# The sticky note about the theories of sex in marriage



## Freetown (Oct 19, 2017)

I think TAM is a wonderful medium with great people with good views helping each other. However, the ad hoc feedback mechanism may not always be the best approach from a theoretical point of view. E.g. the Emotionally Focused therapy uses a 9 step programme, divided in 3 stages (see extract below). If you d skip a step your success rate may go down.
Furthermore there are plenty of interesting theories, such as the Love languages, the cardinal rule, the 360 degree rule, attachements styles, and interesting books such as Mating in captivity, Receiving love etc. 

I know it's not the purpose to become an overall specialist nor a fulltime reader and I agree sometimes you have to stop thinking and start acting, but I believe it could be interesting to share all our knowledge in one thread about the theories of love.

Let me know what you think of it. We could share what we ve read and experienced including the key elements and pros and contras.


Ex: Extract of EFT steps from Wikipedia:
Stage 1. Stabilization (assessment and de-escalation phase)	Edit
Step 1: Identify the relational conflict issues between the partners
Step 2: Identify the negative interaction cycle where these issues are expressed
Step 3: Access attachment emotions underlying the position each partner takes in this cycle
Step 4: Reframe the problem in terms of the cycle, unacknowledged emotions, and attachment needs


----------



## MEM2020 (Aug 23, 2009)

The love languages are a good concept, though IMO the execution was bad. The authors list is below - my edits to it are below that.

Initial list
1. receiving gifts, 
2. quality time, 
3. words of affirmation, 
4. acts of service (devotion), 
5 physical touch.

BTW - I always want to meet these folks who score super high on receiving gifts and affirmation, and score low on the rest. I want to ask them: Does your partner know you do not love them? 


————-
My edited list:
1. Sacrifice (making the conscious choice to put your partners desire to do/not do... ahead of your own). It’s about giving:
- Time
- Money
- Self - THIS is about sex 
- Restraint - and THIS is about not having sex outside your marriage 

- Sacrifice is about choice and duration of activities - which movie, which restaurant, how long will we visit your parents for, will I cut the grass or play video games. How long will we have sex for?
- As well as how discretionary money is allocated between us
- Oh yeah - and last but not least the ultimate give which is of your body - when you aren’t exactly feeling it

2. Companionship 
- Stabilizing / soothing
- Excitement / happiness 
- Honesty / constructive feedback
- Annoyance Quotient (AQ)

3. Touch
- non sexual
- sexual

4. I think acts of service - are part of sacrifice
5. Gift giving is monetary generosity = sacrifice

I guess that means - I think there are 3 love languages - sacrifice, companionship and touch. 






Freetown said:


> I think TAM is a wonderful medium with great people with good views helping each other.
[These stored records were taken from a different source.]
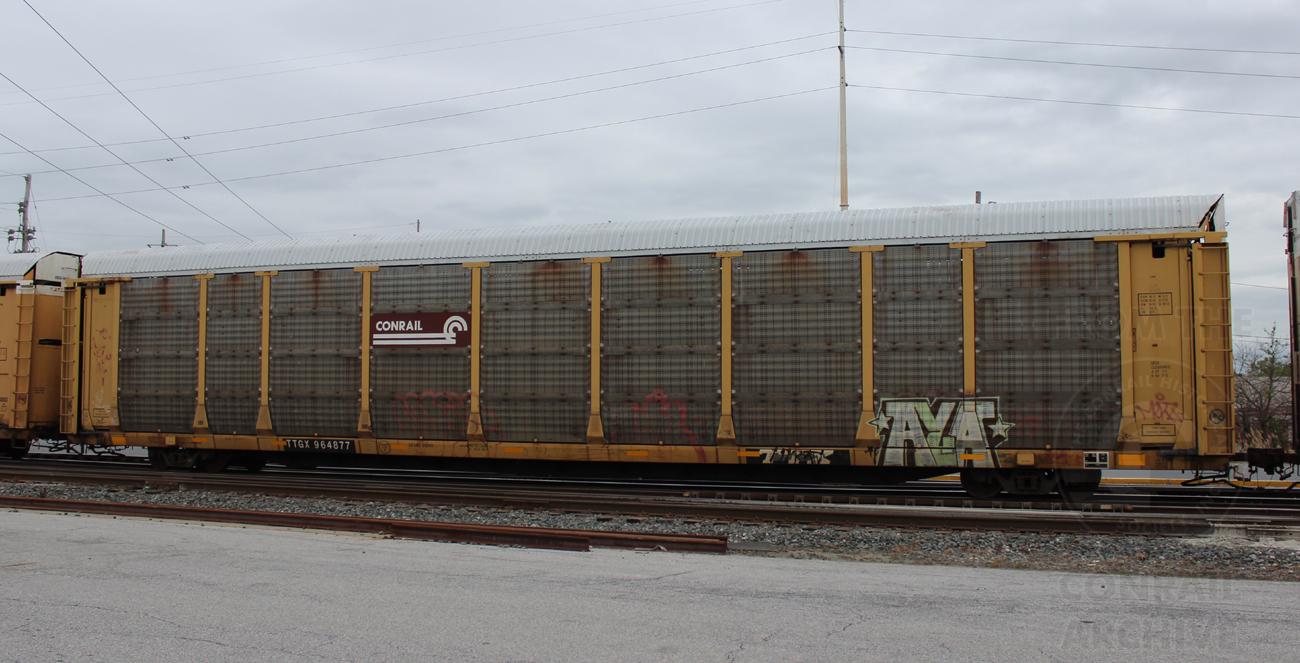 TTGX 964877 is seen in the consist of CSX L224-19 at Elsmere, DE on 5/20/17. Rack number is CR 8143, built 4-90, rebuilt 5-98 and is now owned by NS.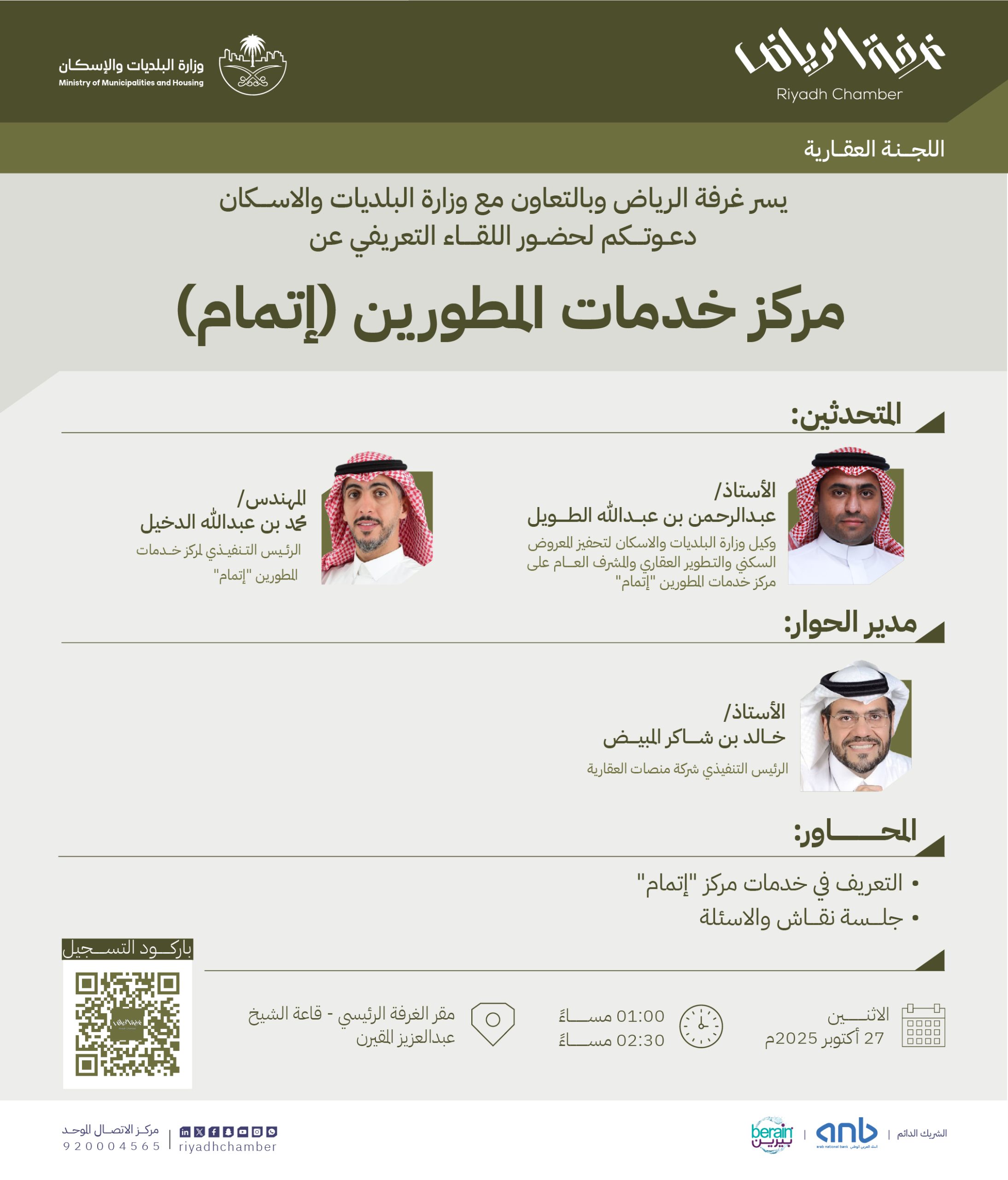 تنظم غرفة الرياض ممثلة في اللجنة العقارية، بالتعاون مع وزارة البلديات والإسكان، لقاءً تعريفياً حول مركز خدمات المطورين “إتمام”، وذلك يوم الاثنين 27 أكتوبر 2025 بمقر الغرفة الرئيسي – قاعة الشيخ عبدالعزيز المقيرن، من الساعة 1:00 ظهرًا حتى 2:30 ظهرًا.
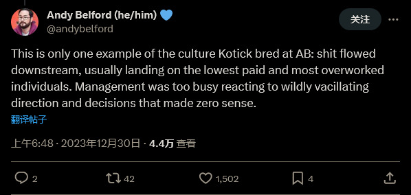 他称这“只是考迪克在动视暴雪培育的文化的其中一个例子”,表示这是“屎从上头顺流而下,往往落在工资最低干活最多的人身上”,然而“管理层则忙于对剧烈摇摆的方向和毫无意义的决策做出反应”。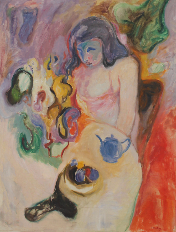 ROSOFSKY, Seymour, (American, 1924-1981): Seated Female, Oil/Canvas, 46'' x 36'', signed lower right, painted thin edge wood frame, 46.5'' x 36.5'', Christie's August 2012 sale 2576 Lot 60 affixed verso. Rosofsky received a B.F.A. and M.F.A. from the Chicago Art institute. His paintings present the cultural, social and artistic happenings of the latter half of the 20th century from his perspective. He managed to present his personal views and struggles in a way that others can relate to employing naturalism and surrealism in his work.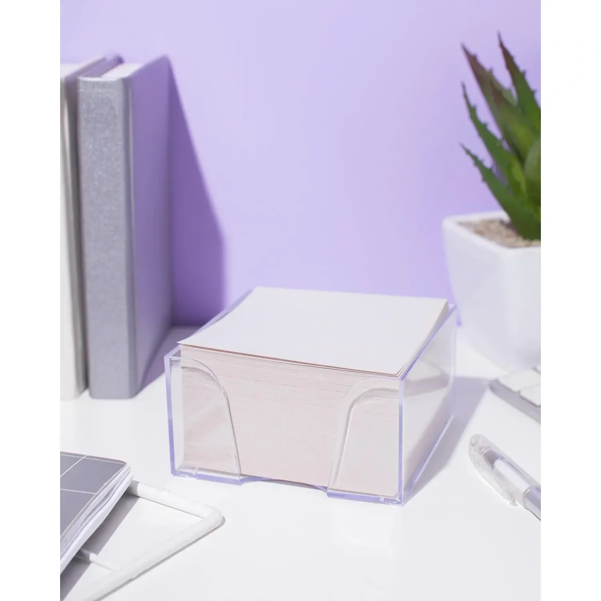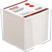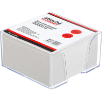 Блок высотой 5 см сложен из квадратных листов размером 9x9 см и вложен в прозрачный пластиковый бокс. Листы не склеены между собой. Они изготовлены из бумаги экономкласса плотностью 65 г/кв.м и белизной 70-80%. Цвет бумаги - оттенок белого, близкий к светло-серому.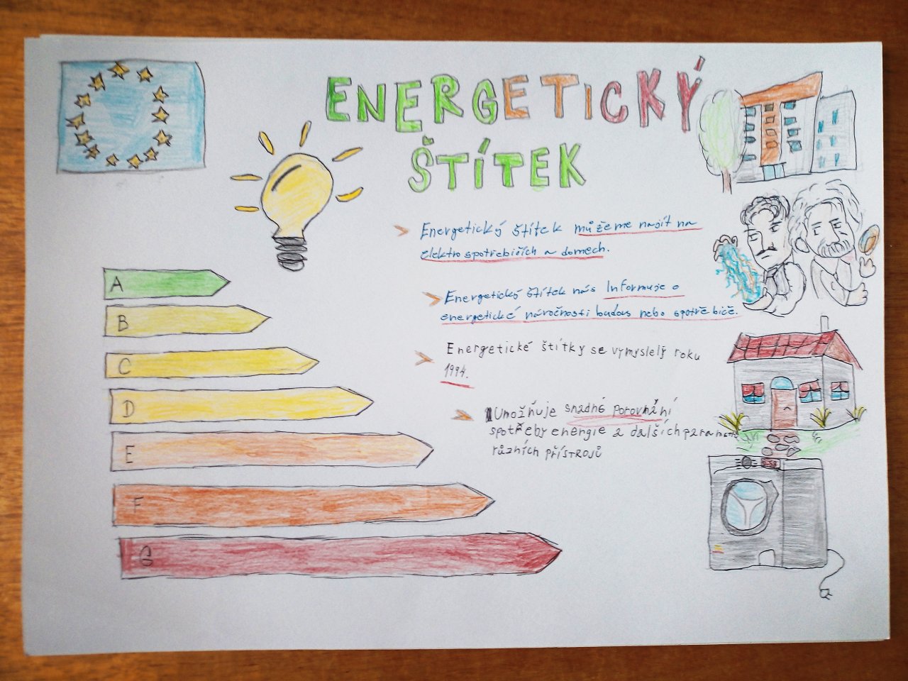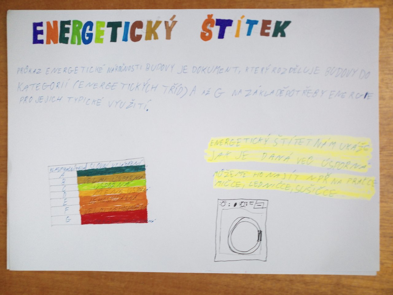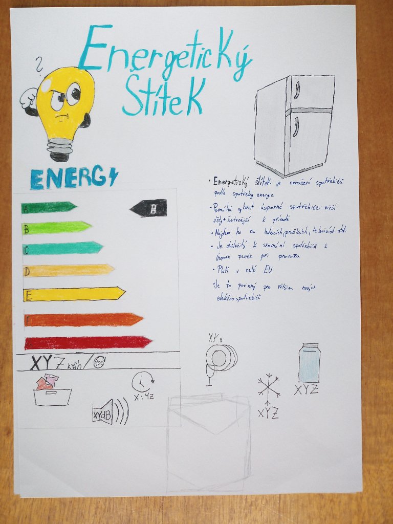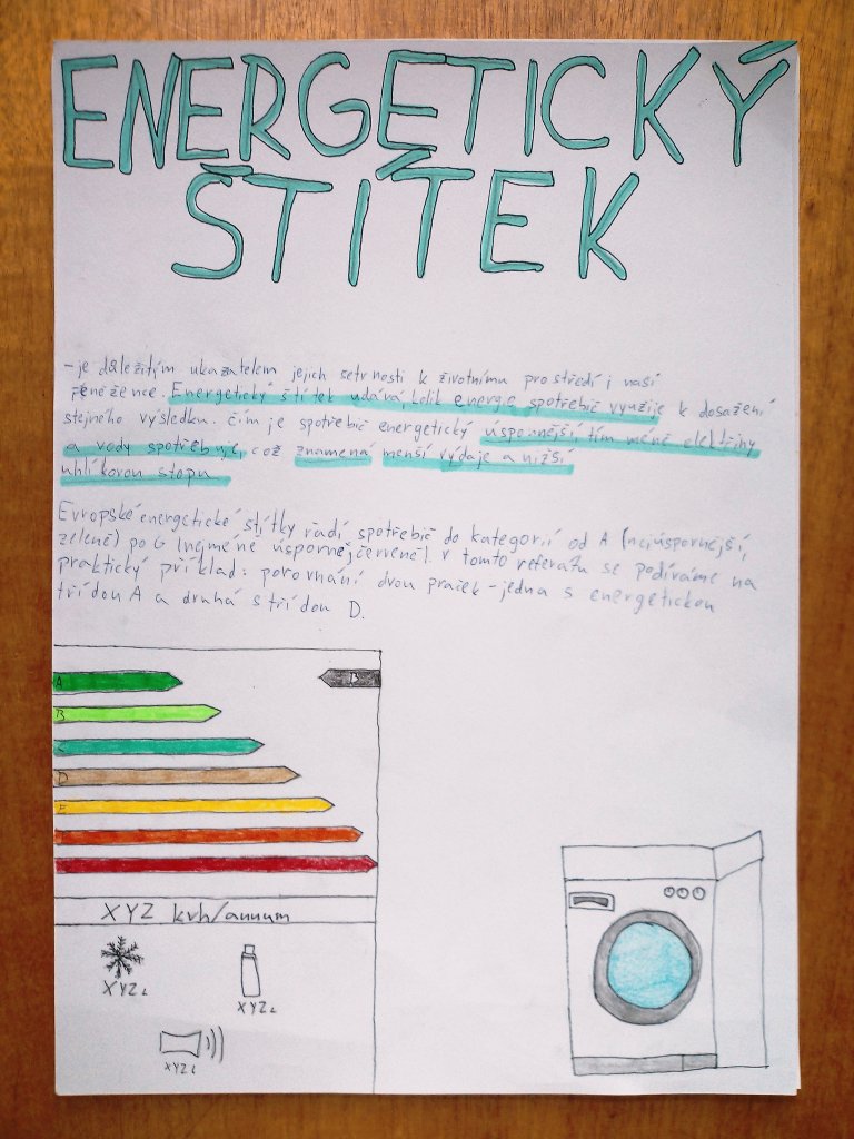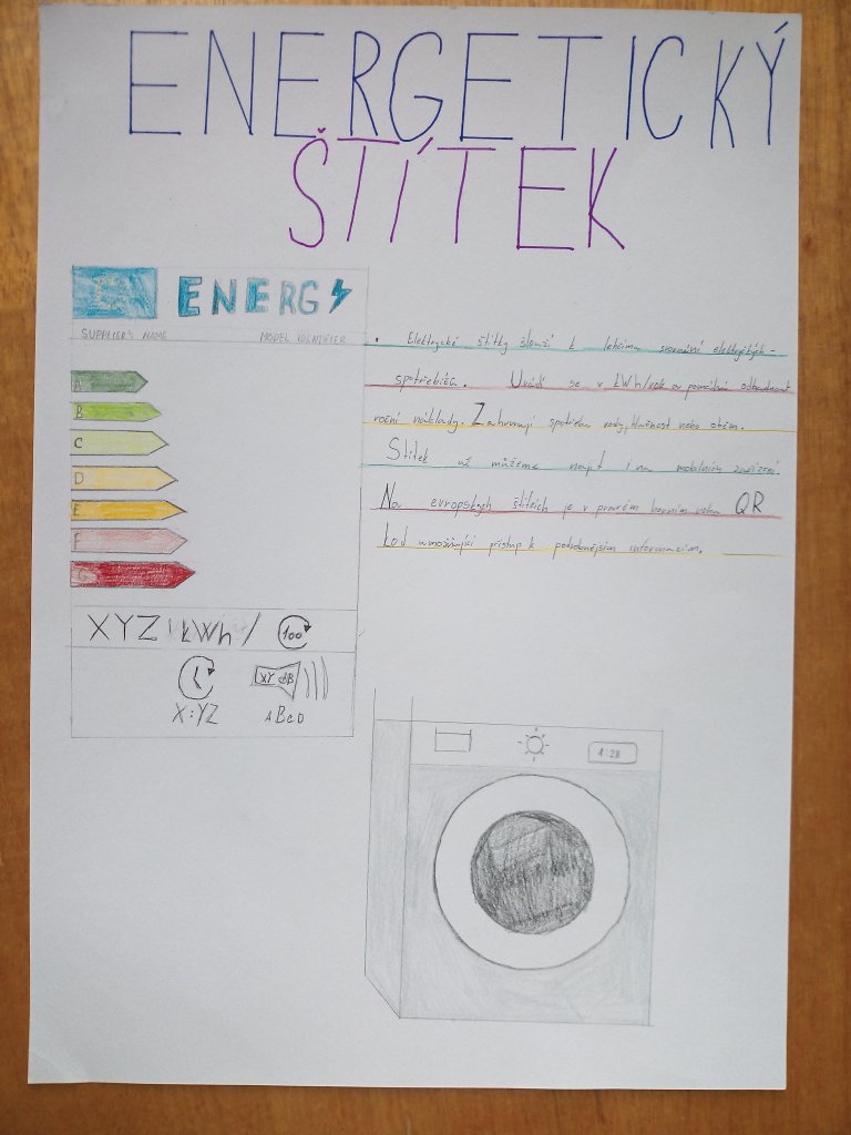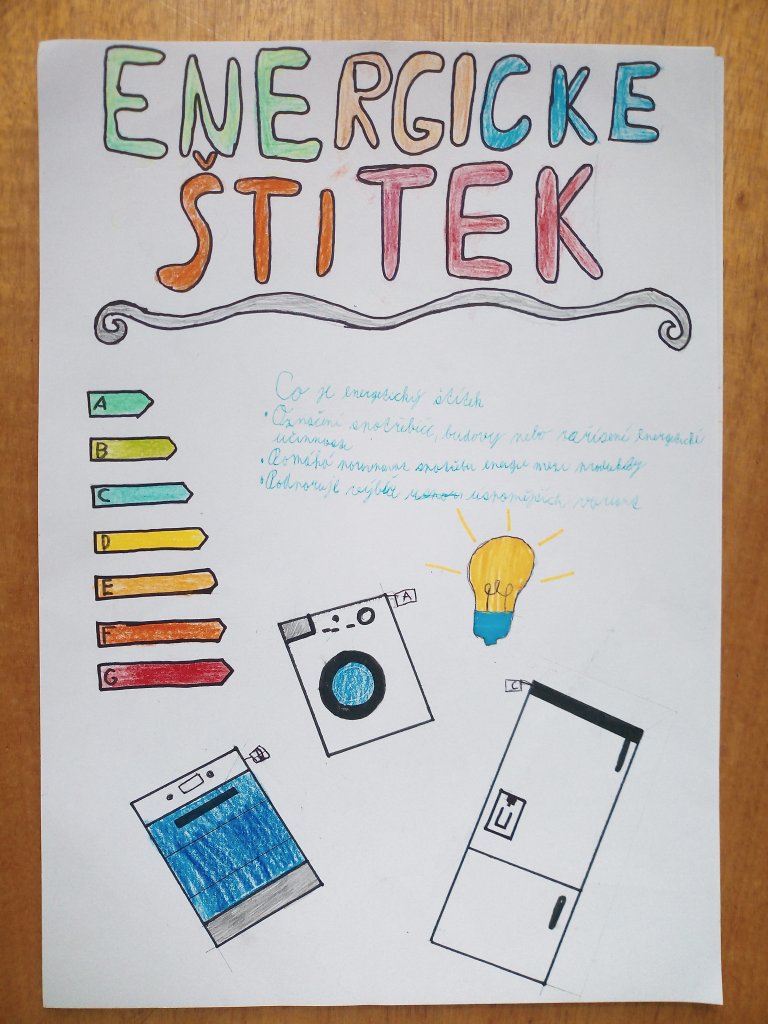 Žáci ve skupinách připravili plakáty, na kterých představili význam energetických tříd a vysvětlili, co jednotlivé symboly a barevné škály na štítcích znamenají.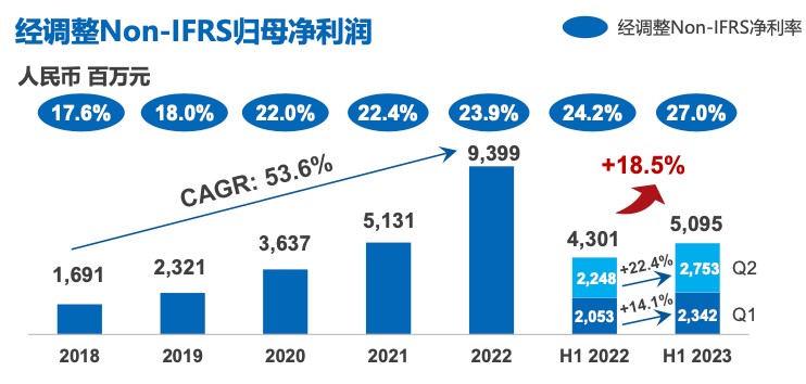 2023H1,藥明康德營收 188.71 億元,同比增長 6.3%,剔除新冠商業化項目同比增長 27.9%;上半年歸母淨利潤 53.13 億元,同比增長 14.6%;上半年經調整 Non-IFRS 歸母淨利潤 50.95 億元,同比增長 18.5%。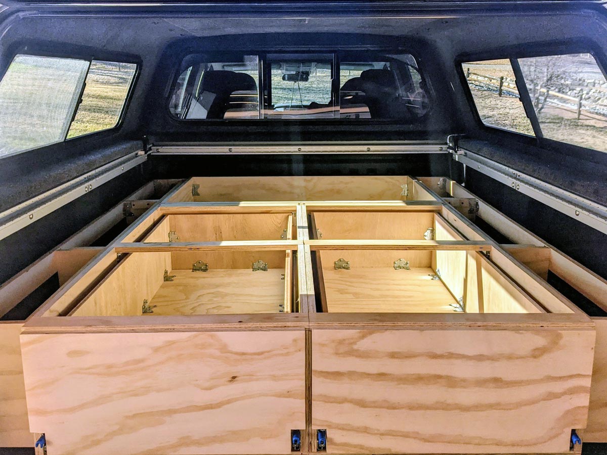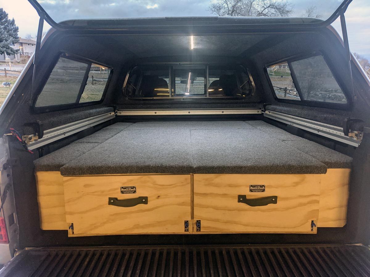One of our most popular designs as it includes full coverages for sleeping as well as two tailgate facing drawers, plus a large cab end bin for larger items. Starts at: $1,500.00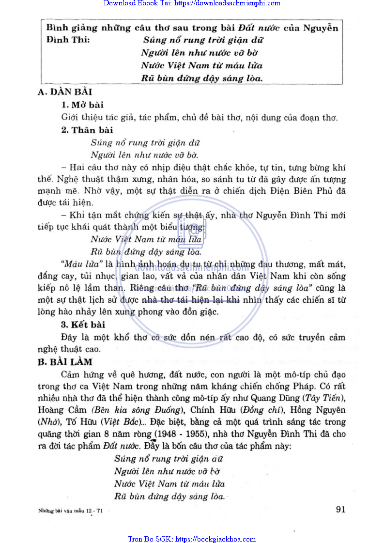 - PHÂN TÍCH BÀI THƠ ĐẤT NƯỚC CỦA NGUYỄN ĐÌNH THI ĐỂ LÀM RÕ NHỮNG CẢM HỨNG CỦA NHÀ THƠ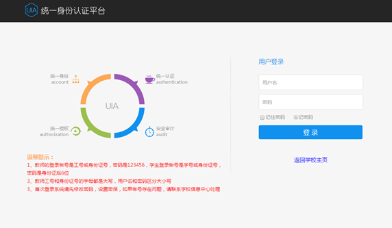 教师的登录帐号是工号或身份证号,初始密码是123456,学生登录帐号是学号或身份证号,密码是身份证后6位。教师工号和身份证号的字母都是大写,用户名和密码区分大小写。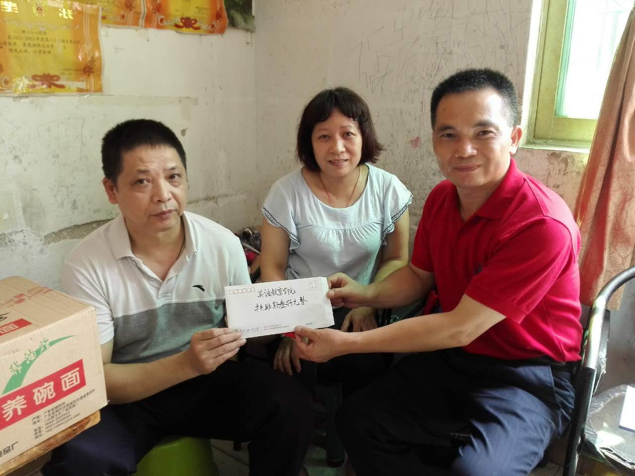 9月11日上午,学院党委书记林绍雄、副书记徐昶斌代表学校和学院前往番禺市桥沙头村,与线路检测中心结对负责的精准扶贫对象(欧什养,共产党员、退伍军人,阳山岭背镇蒲芦洲村塘寮村村民)进行了沟通协商和深入交流,共同探讨脱贫增收的途径和办法,并送去了学校的慰问品、慰问金和线路检测中心的帮扶款。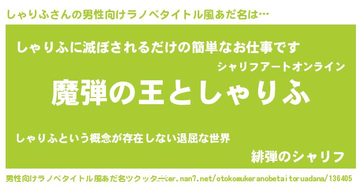 | 意味不明あだ名 | 『住所不定無職しゃりふ(3歳)』 |

However, the ad hoc feedback mechanism may not always be the best approach from a theoretical point of view. E.g. the Emotionally Focused therapy uses a 9 step programme, divided in 3 stages (see extract below). If you d skip a step your success rate may go down.
> Furthermore there are plenty of interesting theories, such as the Love languages, the cardinal rule, the 360 degree rule, attachements styles, and interesting books such as Mating in captivity, Receiving love etc.
> 
> I know it's not the purpose to become an overall specialist nor a fulltime reader and I agree sometimes you have to stop thinking and start acting, but I believe it could be interesting to share all our knowledge in one thread about the theories of love.
> ...


----------



## Holdingontoit (Mar 7, 2012)

The golden rule: earnestly endeavor to love your spouse as much as they love you. No more. No less.

The important corollaries:

Not in the way you want to be loved. In the way they want to be loved.

Learn to communicate well how you like to be loved, and be open to your spouse's communication of how they like to be loved.

If you both know what the other likes, and one or both of you can't provide that consistently and lovingly, then you are better off apart.


----------



## Bananapeel (May 4, 2015)

Not everyone has problems with sex in marriage. Some people learn at an early age to communicate clearly and advocate for their needs and they tend to have a much easier time finding a compatible partner than those that take a more passive approach in their mate selection.


----------



## Ragnar Ragnasson (Mar 4, 2018)

Holdingontoit said:


> The golden rule: earnestly endeavor to love your spouse as much as they love you. No more. No less.
> 
> The important corollaries:
> 
> ...


I think this is a good plan. 
I might make a couple edits, just MHO...

Love your SO the way you want to love them, if the right person, that works out. *At the same time be attentive to what love language they need. 

Clear communication is key. That's mentioned above.

Realize you and SO aren't always perfect, in a LTR that's key.

Keep your own identity while fully giving yourself to your SO. Remaining strong actually helps the relationship, and your W knows you can take care of her and be there for her during the difficulties in life all go through. 

Take time and ENJOY your SO. Not just sexually but in life. 
Also, ENJOY physical sex and physical companionship, make it a priority. 

Show appreciation when warranted. Show aggravation when warranted. This comes under clear communication. 

Never keep repeating yourself when having a disagreement. Consider the response and that's the answer you've gotten. Don't be a Nancy and pout over anything. 

Love fully.


----------



## Holdingontoit (Mar 7, 2012)

Ragnar Ragnasson said:


> Love your SO the way you want to love them, if the right person, that works out.


Actually, I totally disagree with this. This implies that compatibility is 100% about finding the perfect match who wants to give you exactly what you want and who wants to receive exactly what you want to offer. This implies that marriage is 0% about working through incompatibility. it implies if you discover any incompatibility, then you chose the wrong person and you should leave them and go find a better match.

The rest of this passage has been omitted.